> _ASSIGNMENT_: Your task is to retype, exactly and without pictures, the line holding "Next we added" and each line that follows it to the end of the entries.

##### AVAILABLE DATA

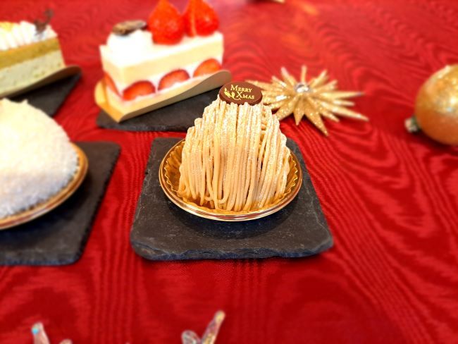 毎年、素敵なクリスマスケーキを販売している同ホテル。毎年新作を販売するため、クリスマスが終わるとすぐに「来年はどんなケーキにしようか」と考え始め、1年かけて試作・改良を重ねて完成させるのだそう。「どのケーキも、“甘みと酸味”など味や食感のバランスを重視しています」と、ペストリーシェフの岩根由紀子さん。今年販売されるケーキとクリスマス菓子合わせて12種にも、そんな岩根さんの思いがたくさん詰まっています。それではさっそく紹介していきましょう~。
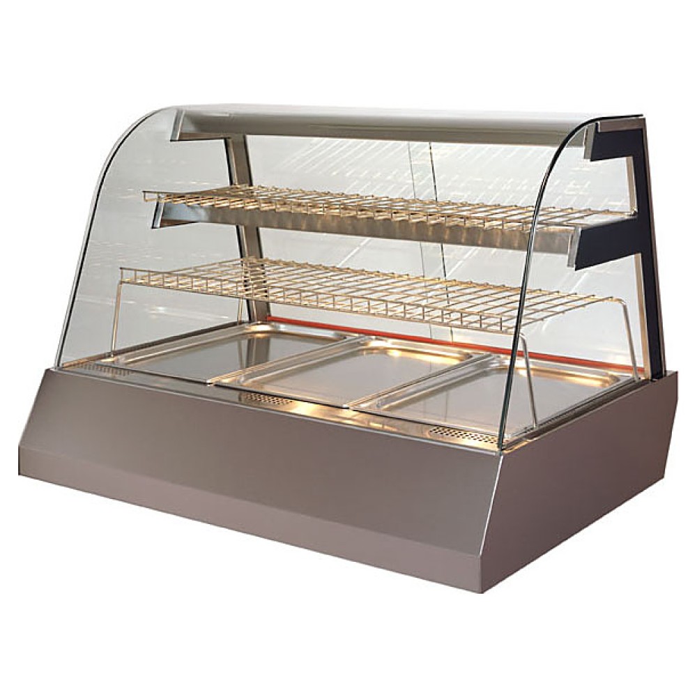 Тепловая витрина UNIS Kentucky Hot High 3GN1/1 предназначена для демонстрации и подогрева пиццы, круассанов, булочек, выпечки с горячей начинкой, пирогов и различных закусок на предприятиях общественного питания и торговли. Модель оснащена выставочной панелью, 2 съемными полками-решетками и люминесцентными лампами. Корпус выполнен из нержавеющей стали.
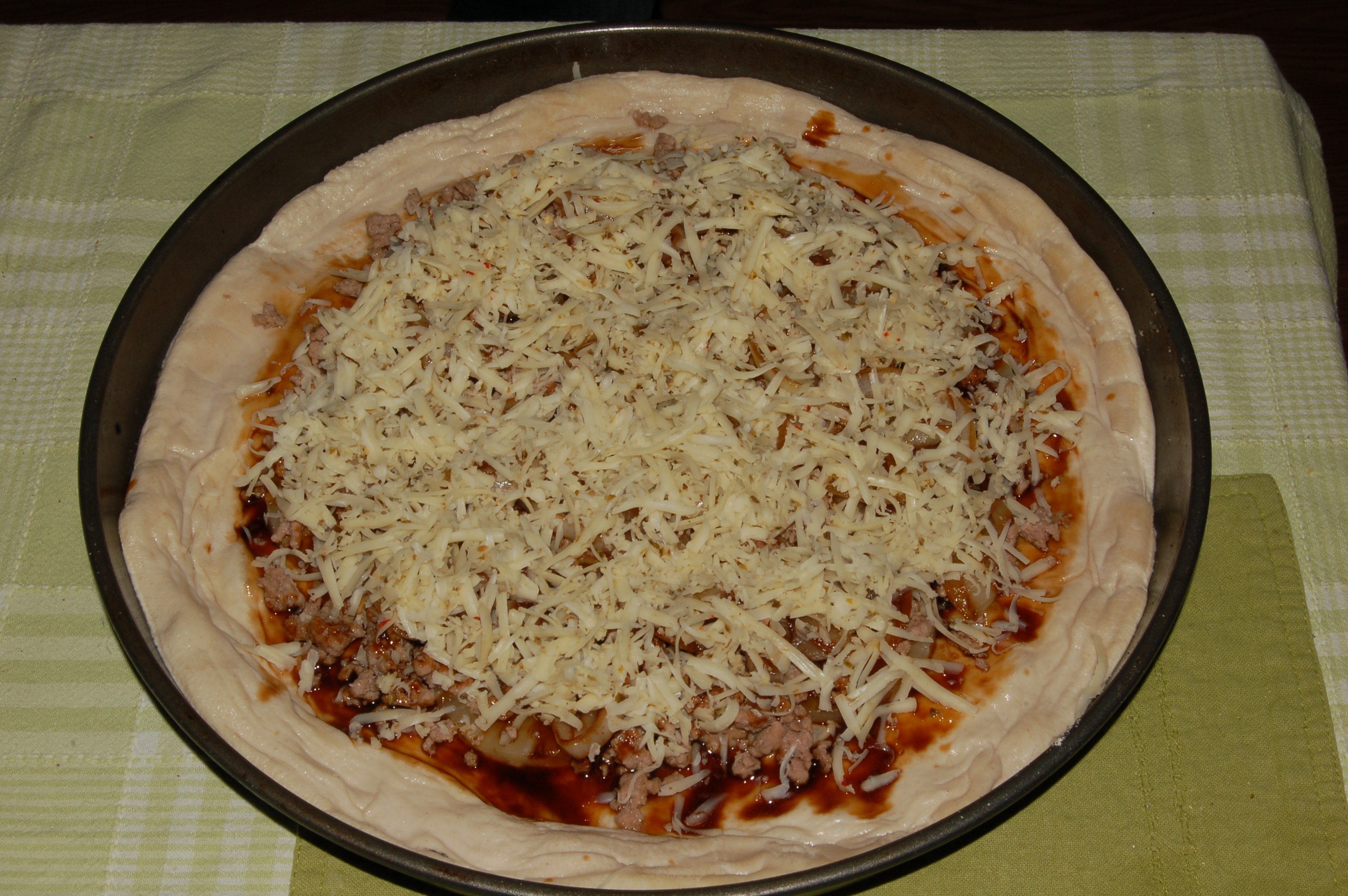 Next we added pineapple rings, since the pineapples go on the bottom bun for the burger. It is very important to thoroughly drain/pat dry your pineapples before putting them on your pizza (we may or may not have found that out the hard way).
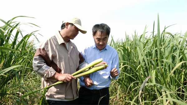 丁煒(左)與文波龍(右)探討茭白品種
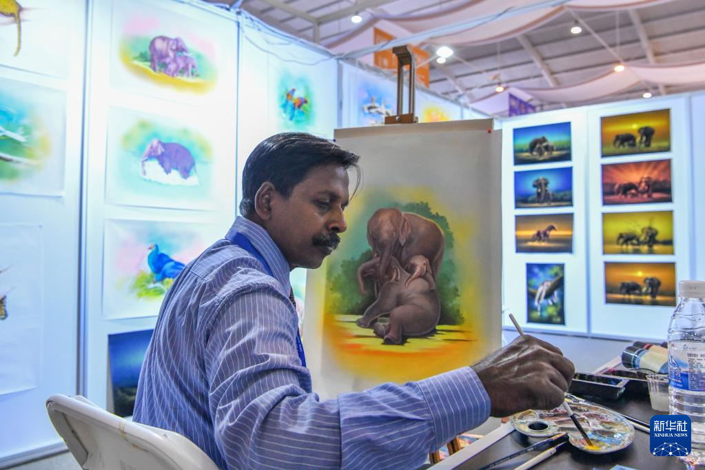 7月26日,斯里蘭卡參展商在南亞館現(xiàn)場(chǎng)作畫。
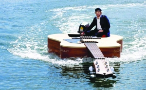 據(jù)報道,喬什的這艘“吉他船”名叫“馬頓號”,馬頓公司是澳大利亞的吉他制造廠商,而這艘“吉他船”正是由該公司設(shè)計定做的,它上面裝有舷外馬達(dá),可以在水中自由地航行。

##########

> _ANSWER FOR THE TASK_:
 Next we added pineapple rings, since the pineapples go on the bottom bun for the burger. It is very important to thoroughly drain/pat dry your pineapples before putting them on your pizza (we may or may not have found that out the hard way).
 丁煒(左)與文波龍(右)探討茭白品種
 7月26日,斯里蘭卡參展商在南亞館現(xiàn)場(chǎng)作畫。
 據(jù)報道,喬什的這艘“吉他船”名叫“馬頓號”,馬頓公司是澳大利亞的吉他制造廠商,而這艘“吉他船”正是由該公司設(shè)計定做的,它上面裝有舷外馬達(dá),可以在水中自由地航行。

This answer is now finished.